I think the other thing is that you have to do it all. I blog about educational ideas (among many other things), write papers for teachers in teacher journals – they don’t ‘count’ for much but it’s worthwhile work – and also write papers in academic journals, including trying for at least one a year in an ‘A*’: the to journals in the field.
If you dislike writing, or are not full of ideas, or are writing strategically to get employed or promoted rather than out of the joy of the ideas and a commitment to serving humanity, doing it all will be a chore. For me, though, I love writing, and think the ideas are exciting enough to share… so getting them out there is worthwhile, and those who have the need to count can do so later.
As it happens, that approach works: on the ‘county numbers’, I’ll be in the top 2-3 ‘producers’ out of the 75 academics in our School this year. I think this blog is heading for 1800 total posts. And so on.
I guess the bottom line is that we need political action and will to make academic work fairer. That might also include thinking about a system that graduates far more PhDs than it can use. That’s an issue separate from, but linked to, publication.

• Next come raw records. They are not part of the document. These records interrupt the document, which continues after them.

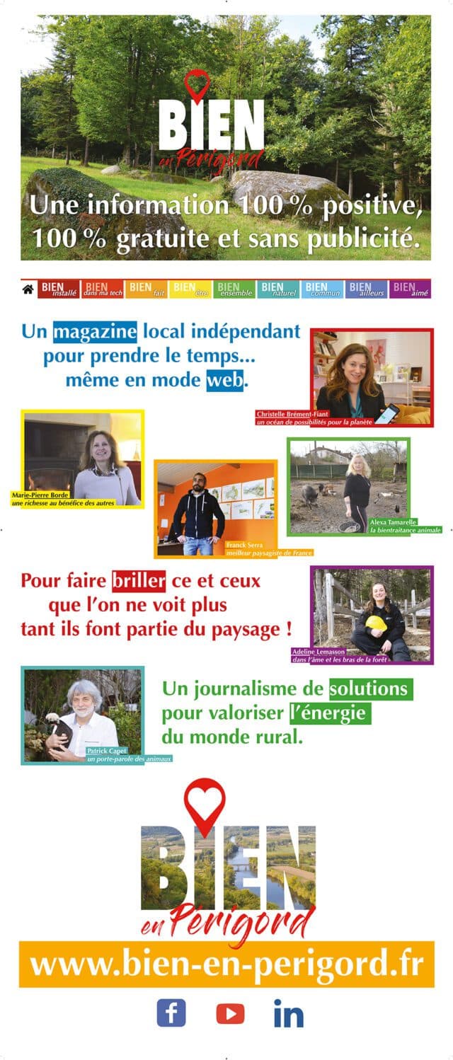 BIEN en Périgord a émergé après une période secouée par la crise sanitaire et les inquiétudes économiques. Un an plus tard, la situation empire encore avec une guerre qui met le monde entier sous tension, comme si le virus n’avait pas suffi. Dans ce terrible climat international, nous continuons à croire et à porter, plus que jamais, une information positive de proximité, des valeurs humanistes, d’entraide, de bienveillance et des solutions pour le bien commun et le vivre ensemble.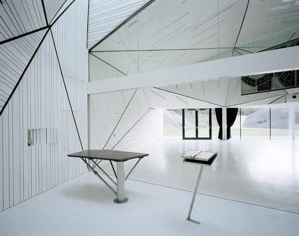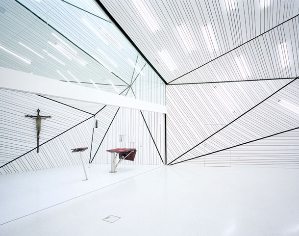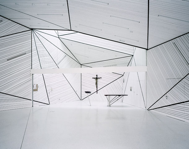 Možda najdojmljiviji element projekta jest njegov interijer, koloristički i po odabiru materijala u apsolutnom kontrastu od vanjštine, kojim dominira bijela boja, naglašena dinamika te poligonalni elementi koji ravnopravno definiraju strop i zidove. Geometrizirana i pomalo apstraktna struktura interijera negira sve forme i rasporede koje ste u crkvenim halama navikli gledati te su samim time, u potpunom raskoraku od estetike interijera, direktno naglašeni sakralni elementi križa, govornice i oltara.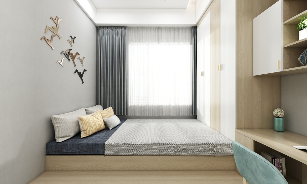 白色與原木色的拼接衣柜,與原木色和木地板相互呼應,原木材質的家具感覺上帶有溫度,藍綠色的椅子和書架上的綠植在空間里起著點綴作用,讓素凈的空間多了色彩。灰色和仿光窗簾添加了白紗,在視覺上減輕了灰色帶來的壓抑感,私人空間需要安靜,不是壓抑,生活就需要打破一層不變的枯燥,在生活可以享受家帶來的獨特溫暖。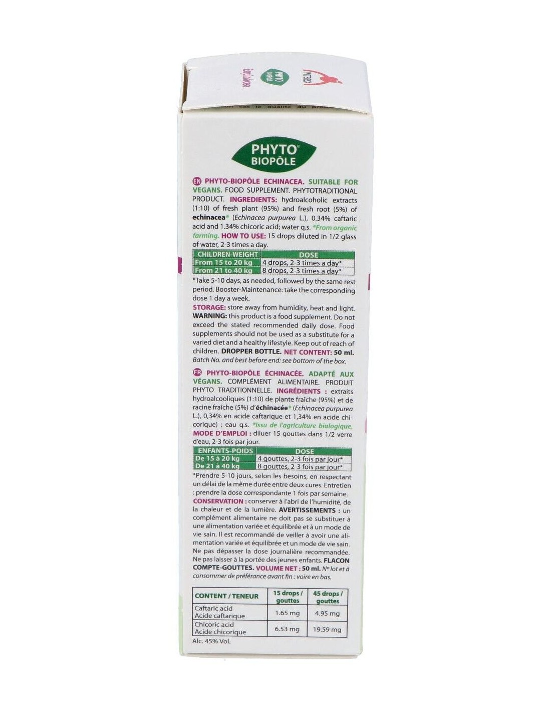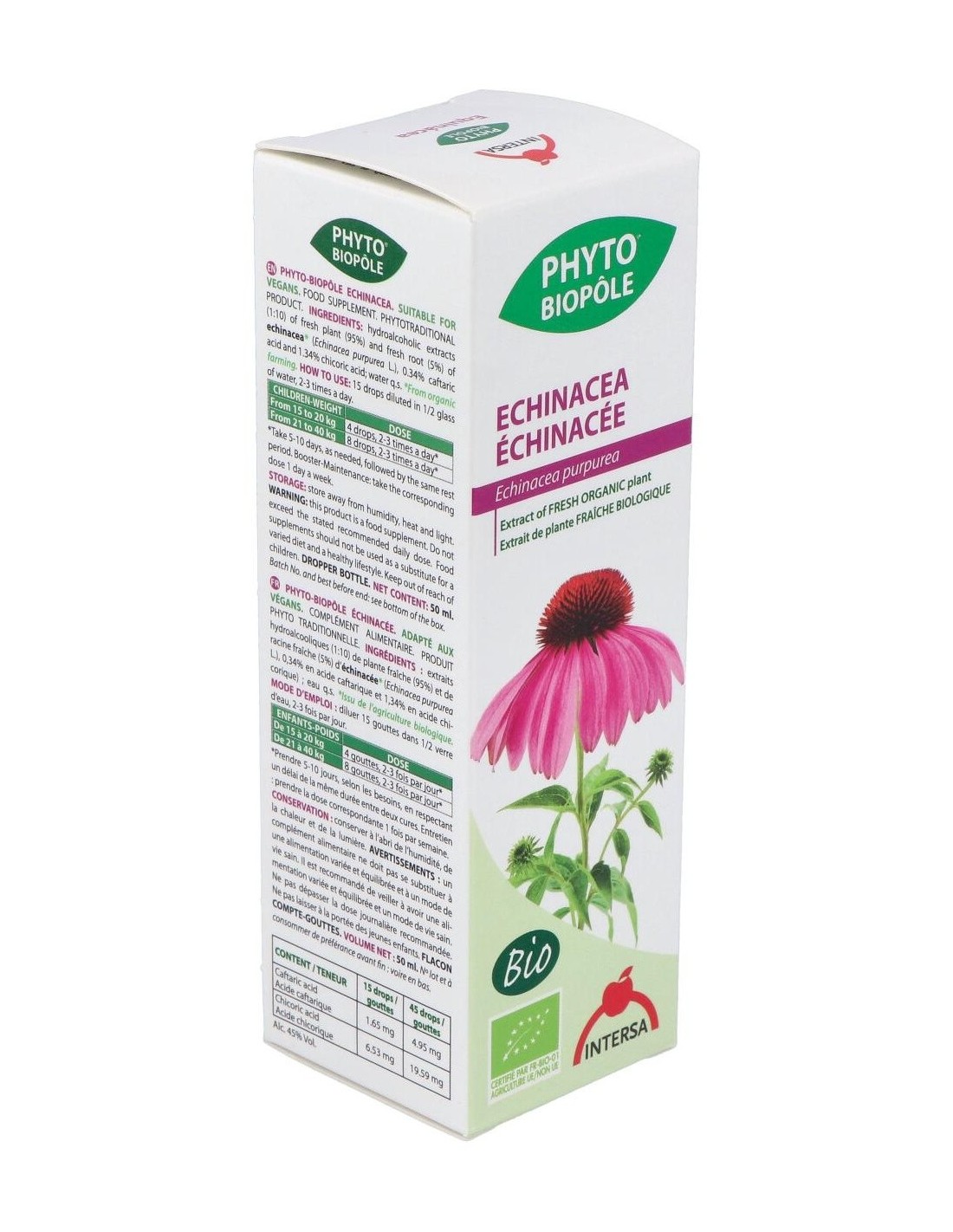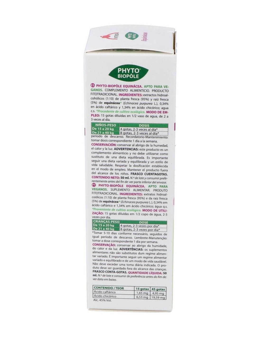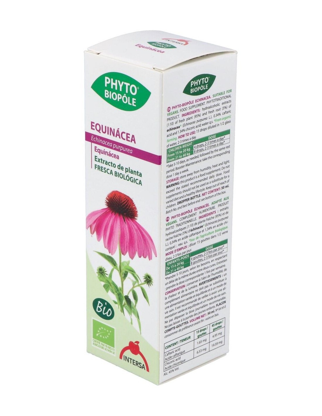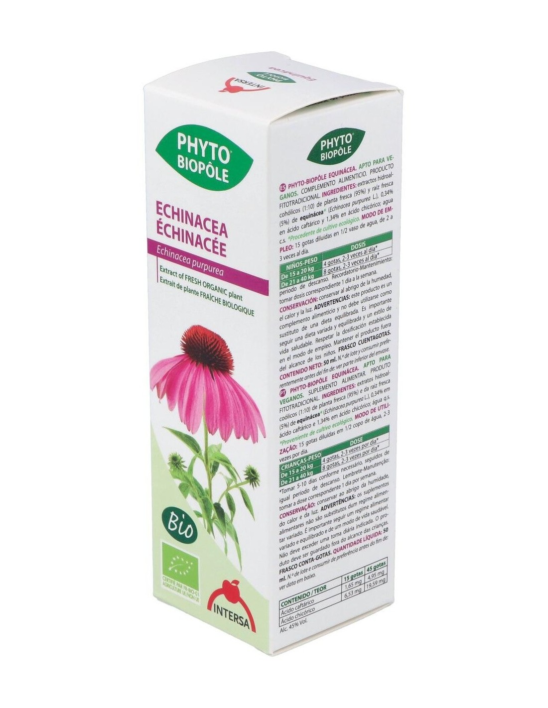 rosáceo característico. Las raíces son la parte más apreciada por su alto contenido en principios activos, entre los que encontramos un aceite esencial, alcaloides indolizidínicos y compuestos fenólicos derivados del ácido cafeico, entre los que destaca el Echinacósido. También hallamos compuestos alifáticos insaturados, especialmente Alquilamidas y Polisacáridos. Los Indios Norteamericanos usaron ya la Equinácea tanto como cicatrizante como para aliviar cefaleas, la tos y dolores estomacales. Hoy en día su uso mayoritario es debido a su capacidad inmunoestimulante. El conjunto de sus principios activos estimulan el sistema inmunitario, y más en concreto favorecen la proliferación de los glóbulos blancos y la producción de Interferón. La Equinácea se usa tradicionalmente para combatir infecciones, especialmente el resfriado común y la gripe, así como otras infecciones del tracto respiratorio superior. También se emplea popularmente contra muchas otras infecciones, entre las que se pueden incluir las del tracto urinario, las vaginales, el herpes genital, las del torrente sanguíneo (septicemia) y las de las encías entre otras. Otros usos no relacionados a infecciones incluyen el síndrome de fatiga crónica, el reumatismo, las migrañas, la indigestión, el dolor, los mareos, las mordeduras de serpiente de cascabel y el trastorno de déficit de atención e hiperactividad. También se aplica la Equinácea a la piel para el tratamiento de furúnculos, abscesos, heridas en la piel, úlceras, quemaduras, eczema, psoriasis, daño por radiación ultravioleta, herpes simple, picaduras de abeja y hemorroides. Ingredientes:Extractos hidroalcohólicos (1:10) de: planta fresca (95%) y raíz fresca (5%) de echinacea* (Echinacea purpurea L., 0,34% en ácido caftárico y 1,34% en ácido chicórico). Modo de empleo:Tomar 15 gotas diluidas en medio vaso de agua de 2 a 3 veces al día (15 gotas equivalen aprox a 0,70 ml). Agitar antes de usar. Presentación:Frasco de 50 ml con cuentagotas.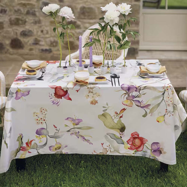 Tovaglia rettangolare in puro Cotone, caratterizzata da un’eleganza naturale e da un design botanico di forte impatto visivo.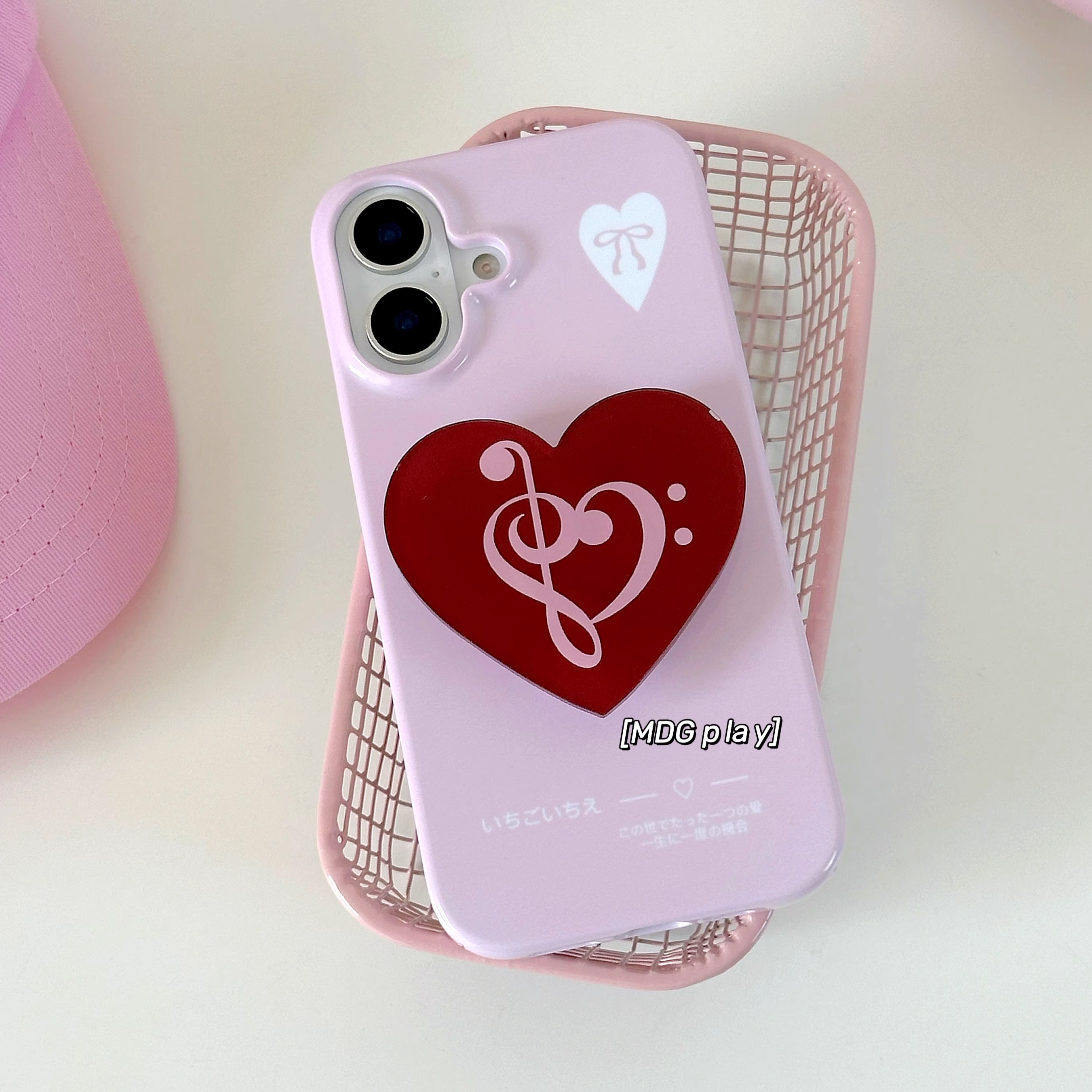 古早叛逆甜心夏日洛里塔粉色爱心音符少女心甜美粘贴支架适用iPhone17pro手机壳15新款14创意苹果手机壳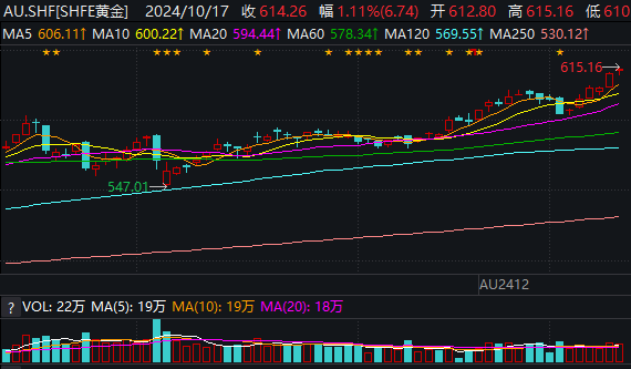 国内来看,数据显示,截至17日收盘,上期所黄金期货主力合约上涨1.11%,报614.26元/克,盘中一度创下615.16元/克的历史新高,今年以来累计涨幅达25.81%;上金所AU9999黄金价格则收涨0.44%,报612.66元/克,盘中同样刷新613.5元/克的历史新高,今年以来累计涨幅达26.67%。

In terms of publication, we need to take ‘accountability’ out of the hands of the accountants – and eschew the very metaphor – and put it back into the hands of the people in the field who can make the judgements. And trust them to make the judgements. There’s a whole other set of issues there about old boys networks and judging merit fairly, but those issues are no less tractable than those of counting… and arguably would be more likely to let Professor Higgs keep his job and expand the frontiers of our knowledge.